"The only thing you need to keep in mind is that DC motors are constant torque, while AC motors are constant horsepower. This is really only a problem at very low speeds, and for cuts that need to run at a very precise speed. DC motors can bog down noticably , or even speed up, under high or sudden loads. Tachometer feed back DC drives will help, but those are for high $ applications."
The Monarch 10EE has used dc drive from the late 1930s to the late 1980s.
Just about every variable speed motor is constant torque below the motor's "base speed" and is constant horsepower above this "base speed".
Dc motors, included.
In the case of the 10EE, the drive system is completely open loop, although there is I-R compensation.

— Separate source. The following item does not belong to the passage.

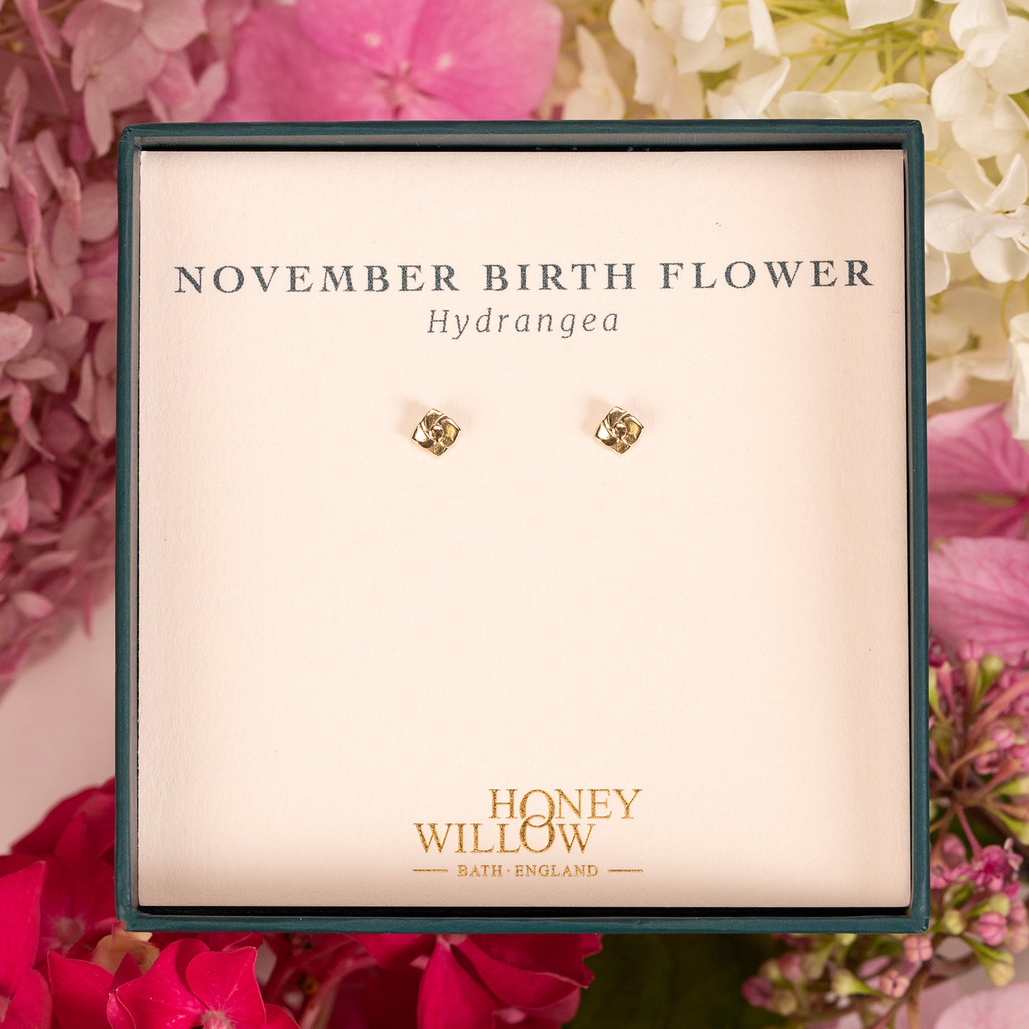 November Birth Flower Stud Earrings - Hydrangea - 9kt Gold

Machines made after 1949 have an electronic drive; machines made before about 1952 could have a Ward-Leonard (motor-generator) drive. There was a several year overlap in the availability of the two drive types, but both used the same, or a similar dc spindle motor.
There is precisely variable speed from nearly zero to 4,000 rpm, and no surging or other abnormalities.
A dc motor which speeds up under load is undoubtedly a compound-wound motor which has been incorrectly connected for "differential compouding", and this is a design or installation error.
Or, and the 10EE does all this without any tachometer feedback, although there were some third-party dc drives which had tachometer feedback, and which required this feedback as these drives had no other way to detect loss of field, which will cause a dc motor to runaway and destroy itself.
Monarch used dc drives on its super-precision toolroom lathes, and used other means on its engine lathes.